The VEC has done a splendid job in delivering the opportunity for adult education literacy classes and the students have taken that opportunity and put it to very good use. An army of wonderful volunteers lives out the philosophy of improving self-esteem, building confidence, encouraging learning in a relaxed, friendly and supportive atmosphere.

This evening I want to say a heartfelt thank you to the tutors, volunteers, whose generosity is the very lifeblood of our highly successful adult literacy services throughout Ireland. You do it without thought of praise or thanks but richly deserving both. You do it for the reward that comes from seeing another human being achieve their truest and best potential.
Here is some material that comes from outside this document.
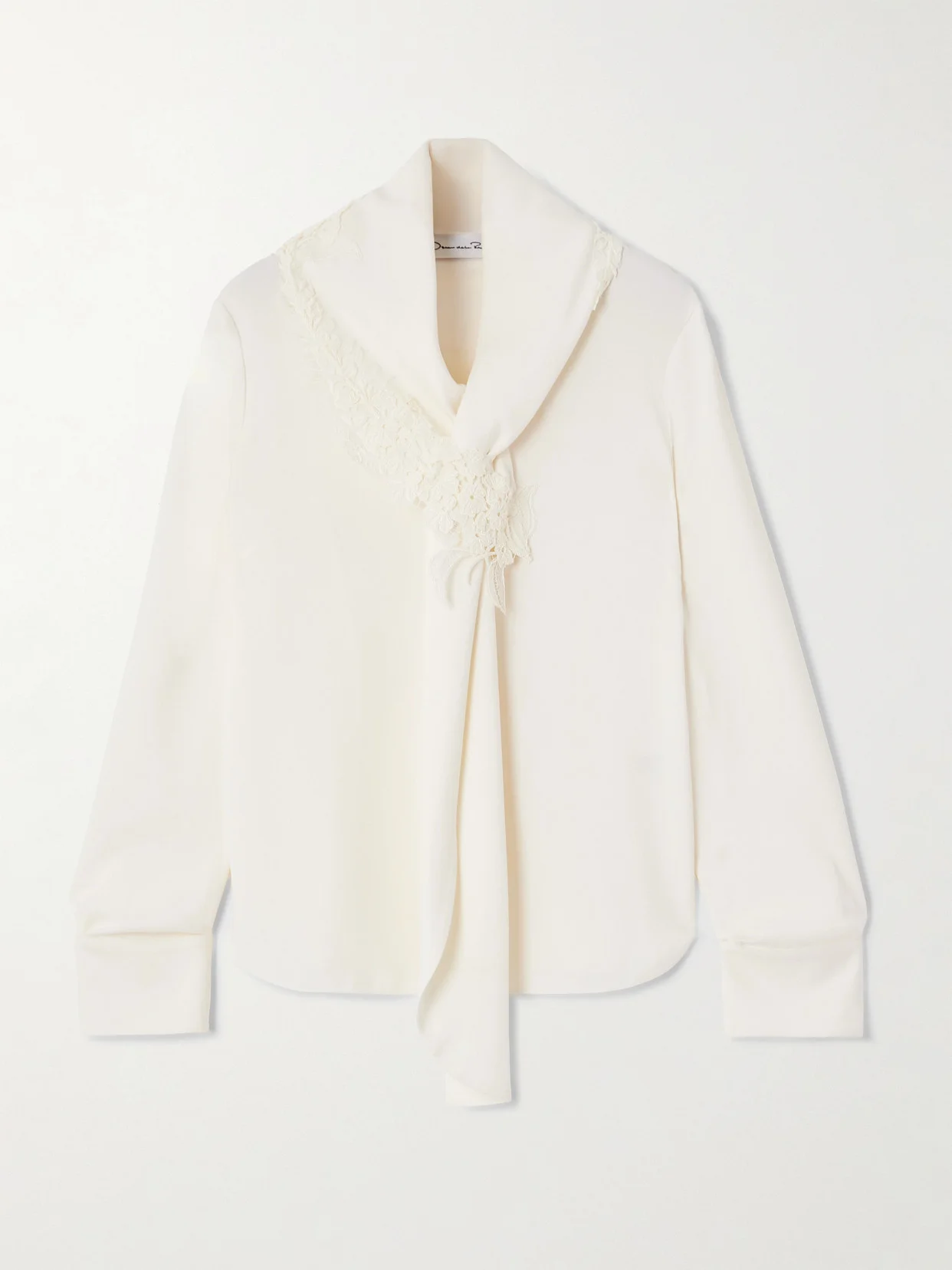 Oscar de la Renta's blouse is made from silk-blend georgette that naturally drapes over your frame. It's cut for a slightly loose shape and has pretty lace edging the collar and languid ties. Knot yours into a bow for a chic take.

Congratulations to everyone associated with the success story we celebrate tonight – or should I say double success story, because not only do we celebrate the publication of the ‘Crumlin Writes’ booklet but also its companion ‘Cherry Orchard and Ballyfermot Tales’.

To the most important people here this evening, the participants whose articles are showcased in the booklets, I say, we all say, comhghairdeachas libh go léir – congratulations to each and everyone of you. Perhaps we may even have the next Deirdre Purcell, Patricia Scanlan or Roddy Doyle in the group.  But what we certainly have are very articulate and forceful ambassadors for Adult Literacy classes, people whose stories will, I hope, inspire others who are suffering in silence to seek help and know a day of pride such as the one you are enjoying today.

Go maire sibh. Go raibh maith agaibh.